This months Book Prize is a copy of - Above the Line: how to create a company culture that engages employees, delights customers and delivers results, Michael Henderson
Book review by Michelle Gardner - Above the Line: how to create a company culture that engages employees, delights customers and delivers results, Michael Henderson Wiley - ISBN: 978-0-7303-1250-5
Henderson takes an anthropologist’s perspective on culture in organisations. His central arguments are that culture is created by the people in an organisation, and that culture is more important than strategy in determining success. Aligning culture with strategy is therefore immensely powerful but cannot be controlled by senior management. However, the author sets out a structured approach and some actions for encouraging a successful culture.

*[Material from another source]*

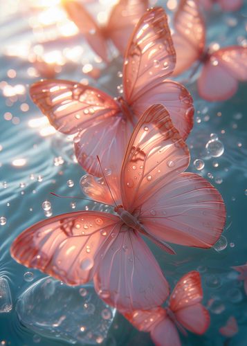 Plakat z serii natura zatytułowany Świetliste Motyle. Na plakacie widzimy delikatne motyle o przezroczystych, różowych skrzydłach, unoszące się nad wodą i łagodnie odbijające światło słoneczne. Kropelki wody na ich skrzydłach dodają uczucia świeżości i czystości. Plakat emanuje spokojem i pięknem, idealnie nadając się do przestrzeni, które chcą wprowadzić element relaksu i spokoju, takich jak spa, pokoje medytacyjne, a także jako łagodny element dekoracyjny do domu.

A large part of the book is spent exploring what we mean by ‘culture’, its importance to organisational success, and the characteristics of ‘above the line’ (successful) and ‘below the line’ (unsuccessful) cultures. The style is ‘chatty’ and slightly repetitive, taking the reader step-by-step in detail through definitions, explanations and arguments with plenty of examples from his experience. It reads almost as if he is in the room, leading a workshop and trying hard to convince a sceptic of the value of his approach.
The book is aimed at leaders in a position to influence culture, but might also be useful to those in a consultancy role as it rehearses answers to the opposition you might face on the importance of culture.
If you want a book that gets to the point quickly or without business school jargon, this may not be for you. Working for a disability charity I also struggled with the term ‘disabled culture’ as a below the line category (I note this is omitted from the list on the cover). ‘Diseased’ would equally have provided alliteration with ‘dead’ and ‘dying’?
Despite some of the irritations I had with the book, I think the author sets out a number of useful concepts for understanding culture and I will be returning to some sections to see how I might apply them in my organisation, but only alongside other literature on culture.